Я согласно улыбнулся бабке и подивился тому, как она уместно переплетает свою речь современными выражениями. Ведь не сказала «лицо», «рожа» или «харя», а молвила «паспорт», потому как сейчас у каждого сельского жителя имеется на руках документ. Об искусственной куртке тоже метко заметила — изжеванная, иначе не назовешь! Что парня пожалела — видно, незлобивая старушка, и сыновья ее или внуки, если есть у нее таковые, не пьют горькую когда и сколько влезет. Парня, конечно, жалко, и больно, и тревожно за него… Ровесник моему сыну будет, взрослую жизнь начинает не с радости, а с отравы. Ничего ему теперь не мило: ни дорога домой, ни рождающийся ясно-приветливый июльский день, ни отяжелевшие хлеба по сторонам чистой дороги. И гостинцев никаких не заимел, одно похмелье…
Старушка-то возвращается из гостей, издалека едет. Чемодан и всякие сумки-сетки помогал ей занести на автостанции — увесистые. А радость ее понятна мне: натосковалась, поди, бабка по селу родному, дому и хозяйству, вся она сейчас в думах уже там, поперед автобуса. Управы столько — вдвоем со стариком день-деньской топает, но перед сном выясняется, что они не успели и то-то, и то-то… Да и лето на август повернуло — сенокос, грибы, ягоды, о домашней живности лучше и не вспоминать — так глубоко вздохнула старушка, и заботливая тень скользнула лучистым лицом…
— За ягодками едешь, ага? — оживляется бабка, и не тронула, а как-то бережно погладила вылощенную дужку моей корзины.
— По ягодки-и-и, — уже для себя протянула она и впервые огорчилась: — А не опоздал? Ноне ить друг дружку норовят опередить, кислотьем ягоды отхватывают. Глубина токо вынесет личико из ресничек, зарумянится, а ее, глядь, ужо и нету, и клубничник в пол вобьют. Вишенье кость костью, одна кожа на ядрышках — все равно без удержу хватают. Черной смородине ноне на роду написано «доходить» по ведрам, калину с бояркой быть-забыли после иньев обирать. И откуль, откуль жадность навалилась?! В войну и опосля нее такого не видано, а ране-то…

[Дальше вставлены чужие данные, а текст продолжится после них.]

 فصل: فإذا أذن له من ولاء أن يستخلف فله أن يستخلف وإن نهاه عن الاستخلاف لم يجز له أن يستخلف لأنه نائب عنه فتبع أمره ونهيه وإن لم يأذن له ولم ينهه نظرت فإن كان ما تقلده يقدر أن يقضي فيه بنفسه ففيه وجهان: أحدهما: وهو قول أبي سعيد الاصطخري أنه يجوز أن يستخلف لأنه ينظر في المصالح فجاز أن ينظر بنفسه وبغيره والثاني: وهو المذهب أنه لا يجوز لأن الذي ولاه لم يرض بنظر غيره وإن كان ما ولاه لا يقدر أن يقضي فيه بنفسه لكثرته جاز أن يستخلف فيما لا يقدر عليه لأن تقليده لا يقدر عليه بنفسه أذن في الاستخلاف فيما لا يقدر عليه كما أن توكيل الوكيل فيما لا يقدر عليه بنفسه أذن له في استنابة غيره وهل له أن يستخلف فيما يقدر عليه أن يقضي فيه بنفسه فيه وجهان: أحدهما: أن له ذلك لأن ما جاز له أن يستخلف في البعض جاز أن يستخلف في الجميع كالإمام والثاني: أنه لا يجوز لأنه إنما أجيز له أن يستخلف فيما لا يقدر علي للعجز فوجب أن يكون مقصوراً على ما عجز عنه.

Бабка не договорила, опять повеселела и хитро сощурилась:
— А ты ягодник, батюшка, из поздних, и знаешь местечко укромное, а? Ну и не говори, не указывай никому, береги ягодники! Добрый человек сам найдет, добро и останется, а худой пущай нравом своим дозреет.
— Да, да, — соглашаюсь я и спохватываюсь. — Счастливо доехать, бабушка! А мне вон у того мостка сходить. Парень-то пусть пособит на остановке.

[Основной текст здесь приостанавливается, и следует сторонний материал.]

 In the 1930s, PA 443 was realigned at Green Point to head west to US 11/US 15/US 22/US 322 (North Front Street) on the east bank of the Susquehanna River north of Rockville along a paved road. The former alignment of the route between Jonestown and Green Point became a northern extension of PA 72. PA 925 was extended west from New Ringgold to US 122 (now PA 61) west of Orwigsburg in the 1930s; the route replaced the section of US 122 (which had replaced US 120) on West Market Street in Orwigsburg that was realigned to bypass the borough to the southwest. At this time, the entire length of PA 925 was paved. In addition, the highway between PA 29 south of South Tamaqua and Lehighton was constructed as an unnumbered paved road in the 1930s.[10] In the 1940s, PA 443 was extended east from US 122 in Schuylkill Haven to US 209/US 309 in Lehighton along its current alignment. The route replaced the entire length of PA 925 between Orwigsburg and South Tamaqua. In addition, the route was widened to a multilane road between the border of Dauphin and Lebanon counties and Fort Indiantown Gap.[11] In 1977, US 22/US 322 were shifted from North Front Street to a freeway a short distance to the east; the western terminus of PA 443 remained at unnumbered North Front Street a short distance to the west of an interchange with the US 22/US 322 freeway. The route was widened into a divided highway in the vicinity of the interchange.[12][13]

— Тебе богато ягодничать, сынок! Меня в деревне сам должен встретить, не беспокойся, — закивала она и посмотрела налево, куда опускался увалом к дальней речке Крутишке обросший тальниками мой ложок. Там всплывал и таял на хлебах сизый туман, а над тучной зеленью лесов спелилось крупное солнце. Глянула старушка и зябко пошевелила ногами, будто не я, а она вот-вот ополоснет босые ноги в росных созревших травах.

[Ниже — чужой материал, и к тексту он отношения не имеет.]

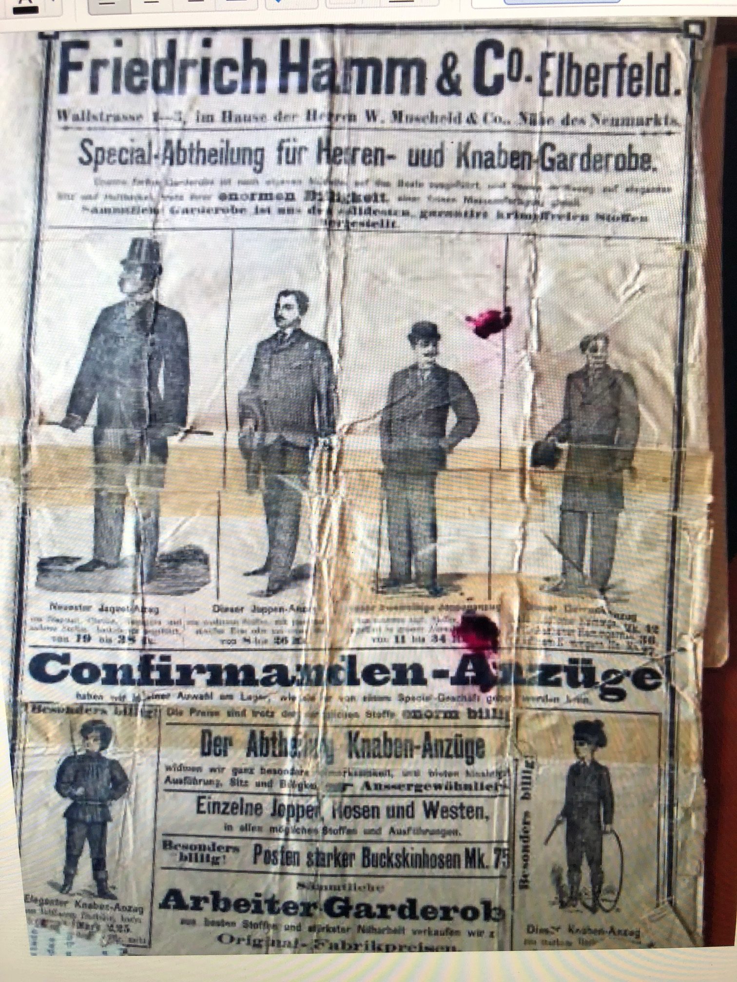 Geschäftsanzeige des Modegeschäfts Hamm, Wall 34

«Пазик» сбелел на дороге и легко скатился мимо Серебряковой рощи под уклоны к маминой родине — селу Пески. А я поправил заплечный мешок и, помахивая корзиной по метелкам пырея и лабазника, потянул за собой мокро-зеленую тропинку. С межи из пшеницы нехотя выпархивали заспанные овсянки и с писком присаживались на талины, где вовсю копошились и гомонили полевые воробышки, постанывали пеночки и по сушинам неподвижно нежились горлицы. Они и не тронулись бы с насеста, если б не предупредительно-чуткие сороки.